Cool formula huh? There are 72 variables and 216 clauses. It's definitely in CNF. The only thing left to do is put it in DIMACS format so that a sat solver can actually consume it and produce us an answer! Given to Picosat, the output is:

s SATISFIABLE v 1 -2 -3 4 -5 -6 -7 8 -9 10 11 12 13 14 15 16 -17 18 -19 20 21 22 -23 24 -25 v 26 27 28 -29 -30 31 -32 -33 34 35 36 -37 38 39 40 -41 -42 -43 44 -45 46 -47 v 48 -49 -50 -51 52 -53 54 -55 56 57 58 59 -60 -61 62 63 -64 -65 66 67 -68 69 v 70 -71 -72 0

The integers [1,72] refer to the variables we made.
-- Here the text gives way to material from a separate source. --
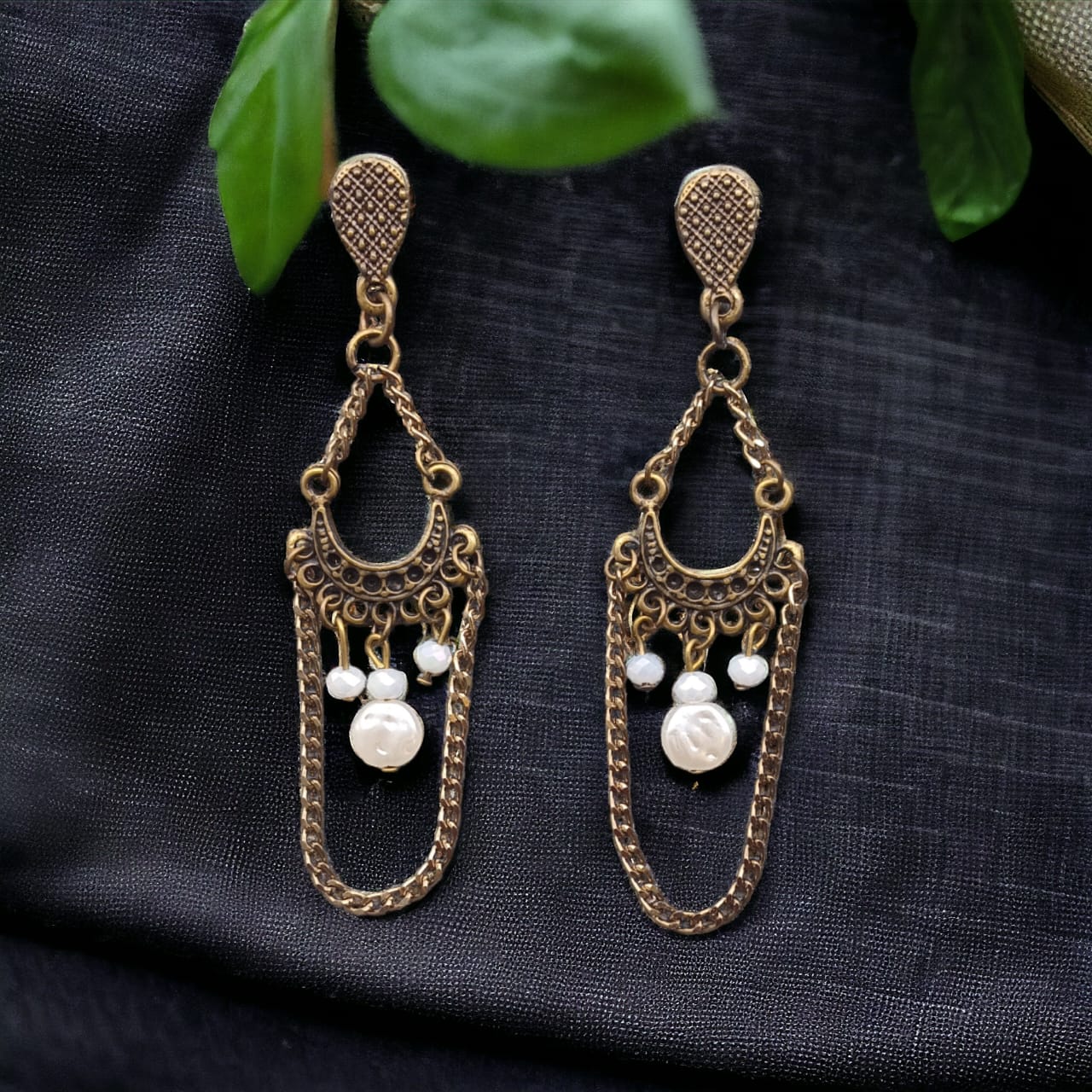 Brinco bohemio com cristais brancos e pérola.
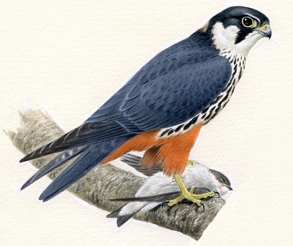 Fellow of the genus Falco, along with its bigger bird-bullying cousin the Peregrine, the Northern Hobby is an aerial master, capable of chasing down other supreme aerialists, even swallows and martins, themselves pursuers of aerial insects. When perched, an adult hobby has a bold and upright posture, appearing self-assured, a confident predator.

Positive values mean "true" while negative values mean "false". We discard assignments to the dummy "gate" variables which leaves us with:

x0: 0, x1: 0, x10: 0, x11: 1, x12: 0, x13: 1, x14: 0, x15: 1, x16: 1, x17: 1, x18: 1, x19: 0, x2: 0, x20: 1, x21: 1, x22: 0, x23: 0, x3: 1, x4: 1, x5: 0, x6: 1, x7: 1, x8: 0, x9: 0

Ordering the bits to get 001101111010100011011000. Separate the nibbles to get 0011-0111-1010-1000-1101-1000. Convert to hex to get 0x37A8D8.

Conclusion

I've loved digital logic ever since EEL3701 so reading about what Scott found in this challenge and seeing his screenshots really got me excited. SAT solving is something I've been reading and learning about recently and this was the perfect opportunity to put that nascent knowledge to the test.